**Instructions for the task**
Any images in the material are to be dropped while every line is retyped exactly.

**Source material**
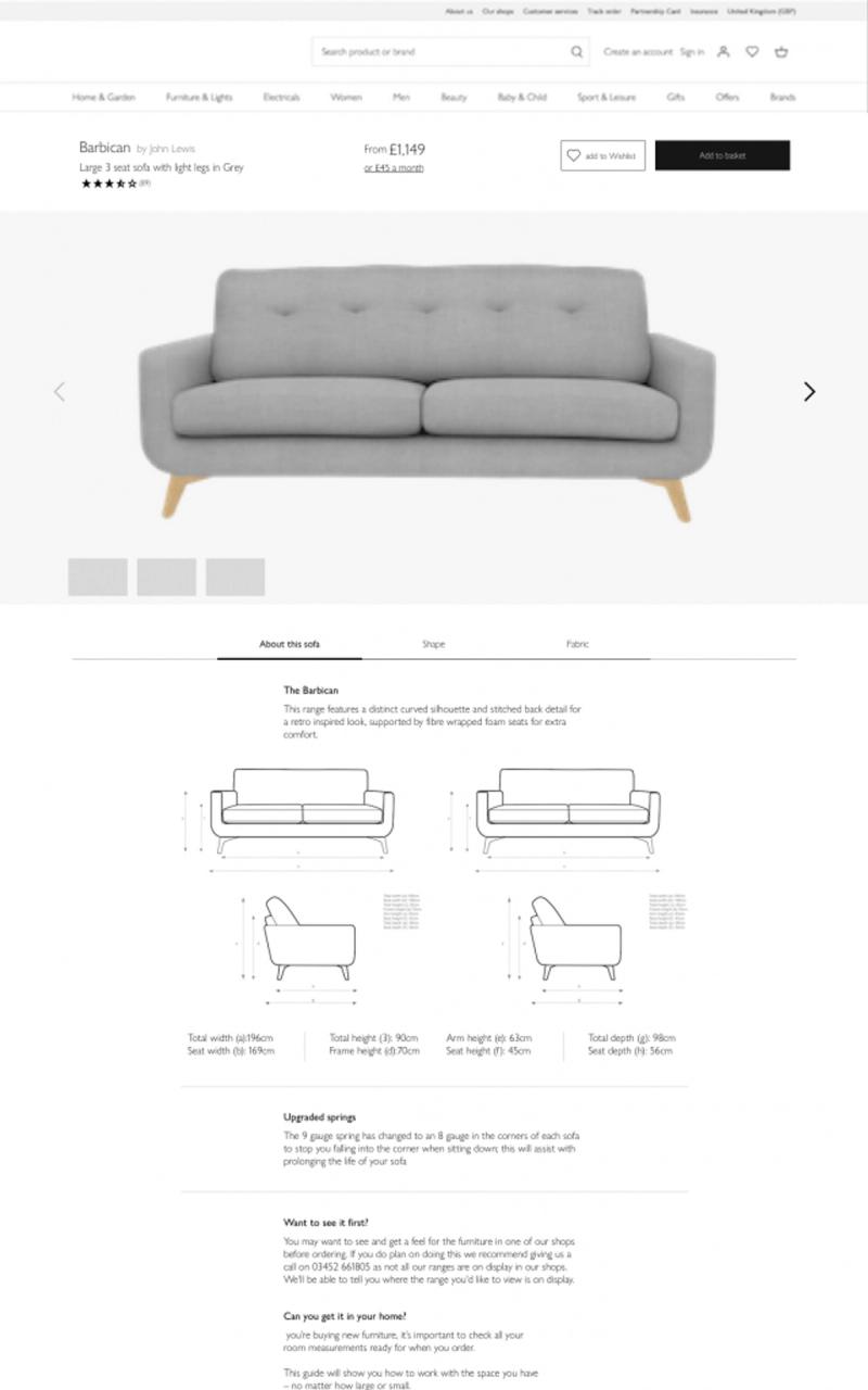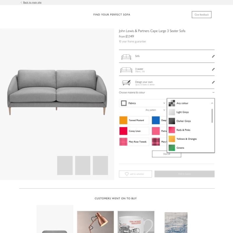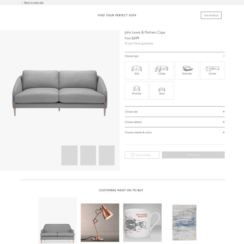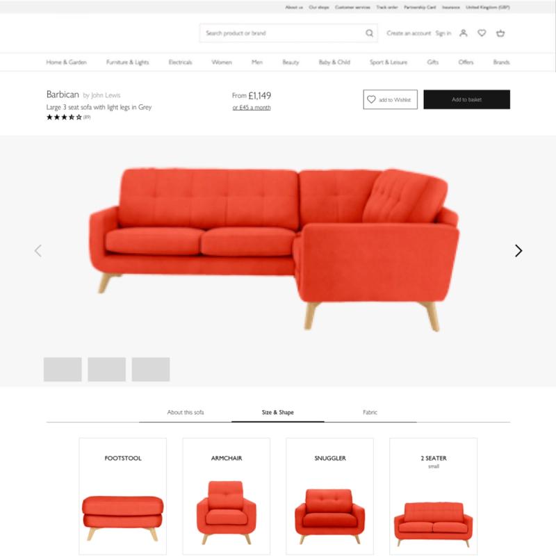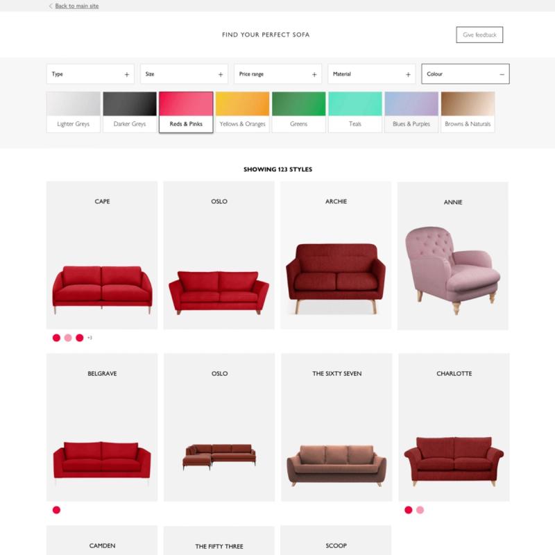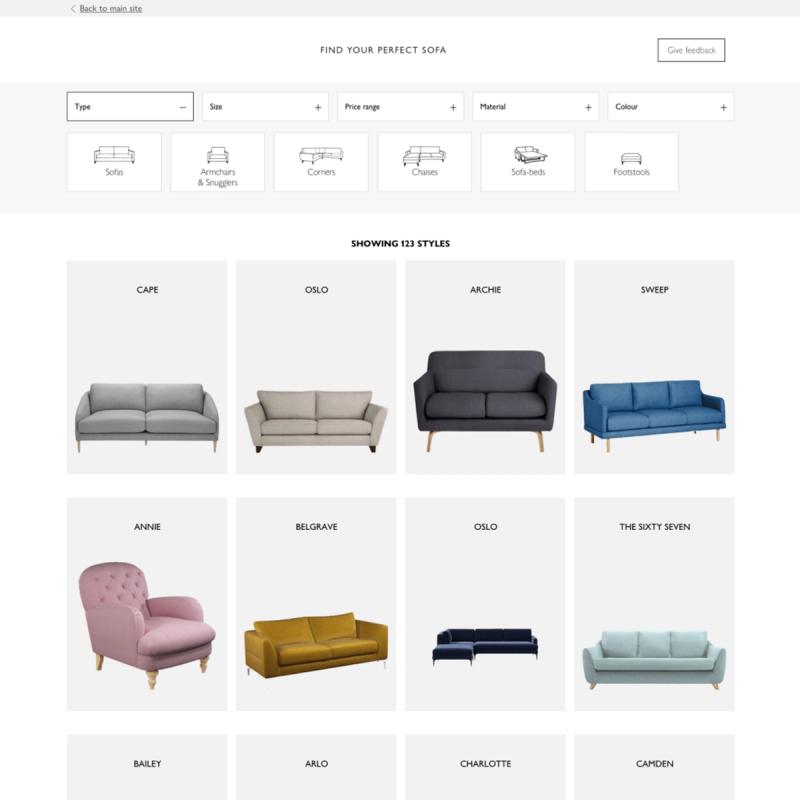 The current online journey is generic to all products and doesn’t cater to the specific needs of someone looking for the perfect sofa.
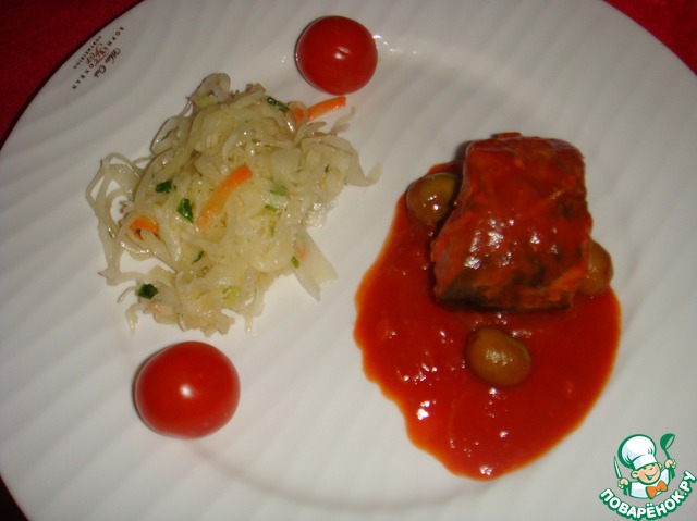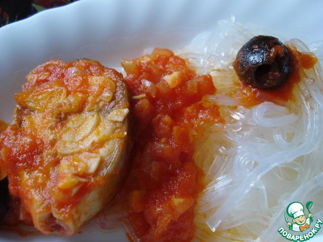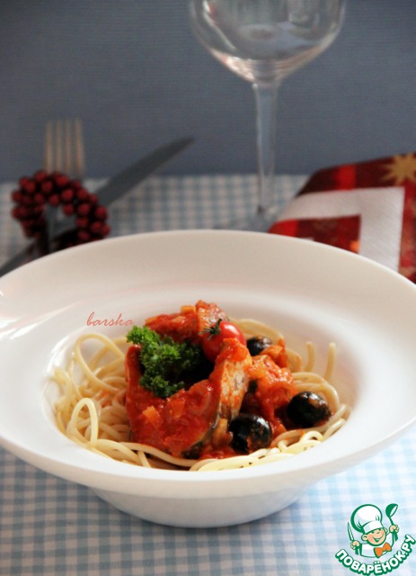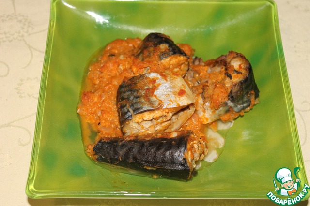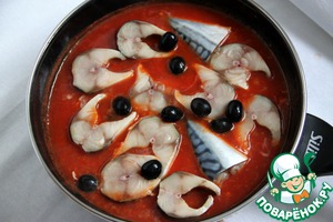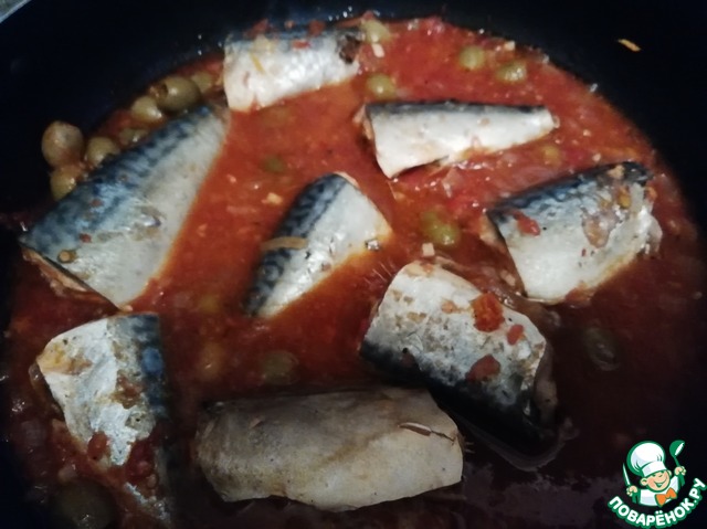 Рецепт «Скумбрия в томатно-апельсиновом соусе с маслинами»:
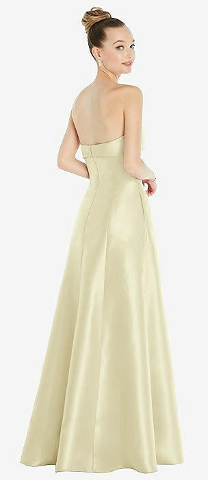 Strapless Notch Satin Gown with Pockets in butter yellow

**Solution to this task**
 The current online journey is generic to all products and doesn’t cater to the specific needs of someone looking for the perfect sofa.
 Рецепт «Скумбрия в томатно-апельсиновом соусе с маслинами»:
 Strapless Notch Satin Gown with Pockets in butter yellow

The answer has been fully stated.